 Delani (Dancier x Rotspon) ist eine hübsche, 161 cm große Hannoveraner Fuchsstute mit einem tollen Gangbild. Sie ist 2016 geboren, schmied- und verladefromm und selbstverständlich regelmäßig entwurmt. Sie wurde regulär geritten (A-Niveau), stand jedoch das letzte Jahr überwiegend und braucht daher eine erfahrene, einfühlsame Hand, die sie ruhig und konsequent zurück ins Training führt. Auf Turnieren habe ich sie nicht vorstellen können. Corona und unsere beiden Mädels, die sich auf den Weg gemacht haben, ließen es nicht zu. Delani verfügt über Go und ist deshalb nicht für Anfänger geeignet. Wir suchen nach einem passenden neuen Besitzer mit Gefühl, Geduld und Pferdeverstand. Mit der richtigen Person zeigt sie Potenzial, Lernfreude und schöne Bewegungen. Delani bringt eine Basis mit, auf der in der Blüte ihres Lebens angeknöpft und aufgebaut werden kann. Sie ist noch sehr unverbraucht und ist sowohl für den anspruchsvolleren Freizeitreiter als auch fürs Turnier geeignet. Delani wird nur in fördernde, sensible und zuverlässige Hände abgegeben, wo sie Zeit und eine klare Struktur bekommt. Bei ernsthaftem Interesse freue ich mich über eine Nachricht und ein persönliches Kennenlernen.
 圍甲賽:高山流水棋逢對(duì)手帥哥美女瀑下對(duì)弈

____________

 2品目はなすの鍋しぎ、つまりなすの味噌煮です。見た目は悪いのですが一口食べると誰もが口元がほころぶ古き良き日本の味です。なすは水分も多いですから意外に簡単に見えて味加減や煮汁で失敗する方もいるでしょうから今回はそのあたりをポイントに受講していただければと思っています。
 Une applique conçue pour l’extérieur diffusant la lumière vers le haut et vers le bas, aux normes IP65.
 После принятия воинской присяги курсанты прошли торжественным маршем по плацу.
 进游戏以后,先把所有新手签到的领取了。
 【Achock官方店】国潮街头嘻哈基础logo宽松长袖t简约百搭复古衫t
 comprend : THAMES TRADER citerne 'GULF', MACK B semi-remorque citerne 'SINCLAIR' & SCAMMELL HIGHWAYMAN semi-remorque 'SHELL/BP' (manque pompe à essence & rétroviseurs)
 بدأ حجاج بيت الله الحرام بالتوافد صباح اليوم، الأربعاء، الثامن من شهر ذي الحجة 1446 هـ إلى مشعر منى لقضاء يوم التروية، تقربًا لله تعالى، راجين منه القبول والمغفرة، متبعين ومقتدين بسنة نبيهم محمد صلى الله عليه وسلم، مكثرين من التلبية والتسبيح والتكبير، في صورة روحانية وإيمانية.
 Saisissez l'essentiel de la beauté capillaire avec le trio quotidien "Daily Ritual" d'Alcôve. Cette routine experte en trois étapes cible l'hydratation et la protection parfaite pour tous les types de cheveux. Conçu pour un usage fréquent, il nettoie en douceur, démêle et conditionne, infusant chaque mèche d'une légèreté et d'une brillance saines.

____________

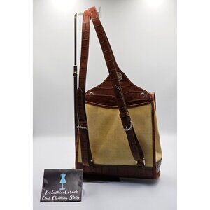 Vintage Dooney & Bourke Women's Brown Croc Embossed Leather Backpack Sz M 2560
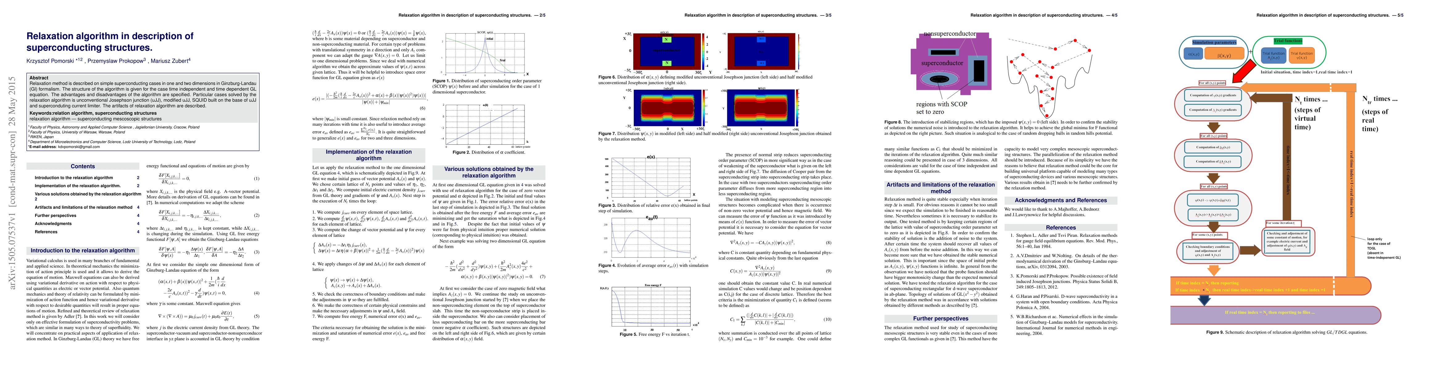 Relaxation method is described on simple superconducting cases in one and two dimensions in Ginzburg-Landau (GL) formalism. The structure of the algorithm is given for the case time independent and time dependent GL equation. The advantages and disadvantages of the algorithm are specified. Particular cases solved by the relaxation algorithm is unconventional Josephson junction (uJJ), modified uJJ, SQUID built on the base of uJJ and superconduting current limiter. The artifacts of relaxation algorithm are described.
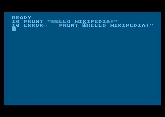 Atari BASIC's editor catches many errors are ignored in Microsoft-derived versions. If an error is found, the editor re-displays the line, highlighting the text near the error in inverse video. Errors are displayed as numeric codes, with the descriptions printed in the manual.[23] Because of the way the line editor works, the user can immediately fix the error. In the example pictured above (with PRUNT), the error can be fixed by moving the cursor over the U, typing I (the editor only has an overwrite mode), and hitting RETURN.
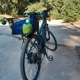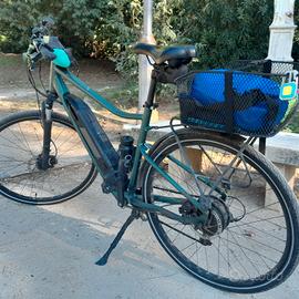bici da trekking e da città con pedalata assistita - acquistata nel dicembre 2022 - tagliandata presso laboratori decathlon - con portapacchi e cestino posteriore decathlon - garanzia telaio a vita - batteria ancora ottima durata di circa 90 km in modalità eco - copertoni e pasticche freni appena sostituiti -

____________

What you have to do: Starting at the line that has "Delani (Dancier x" and ending at the line that has "圍甲賽:高山流水棋逢對(duì)手帥哥美女瀑下對(duì)弈", please write out the lines above exactly, leaving out all others.

Written answer:
 Delani (Dancier x Rotspon) ist eine hübsche, 161 cm große Hannoveraner Fuchsstute mit einem tollen Gangbild. Sie ist 2016 geboren, schmied- und verladefromm und selbstverständlich regelmäßig entwurmt. Sie wurde regulär geritten (A-Niveau), stand jedoch das letzte Jahr überwiegend und braucht daher eine erfahrene, einfühlsame Hand, die sie ruhig und konsequent zurück ins Training führt. Auf Turnieren habe ich sie nicht vorstellen können. Corona und unsere beiden Mädels, die sich auf den Weg gemacht haben, ließen es nicht zu. Delani verfügt über Go und ist deshalb nicht für Anfänger geeignet. Wir suchen nach einem passenden neuen Besitzer mit Gefühl, Geduld und Pferdeverstand. Mit der richtigen Person zeigt sie Potenzial, Lernfreude und schöne Bewegungen. Delani bringt eine Basis mit, auf der in der Blüte ihres Lebens angeknöpft und aufgebaut werden kann. Sie ist noch sehr unverbraucht und ist sowohl für den anspruchsvolleren Freizeitreiter als auch fürs Turnier geeignet. Delani wird nur in fördernde, sensible und zuverlässige Hände abgegeben, wo sie Zeit und eine klare Struktur bekommt. Bei ernsthaftem Interesse freue ich mich über eine Nachricht und ein persönliches Kennenlernen.
 圍甲賽:高山流水棋逢對(duì)手帥哥美女瀑下對(duì)弈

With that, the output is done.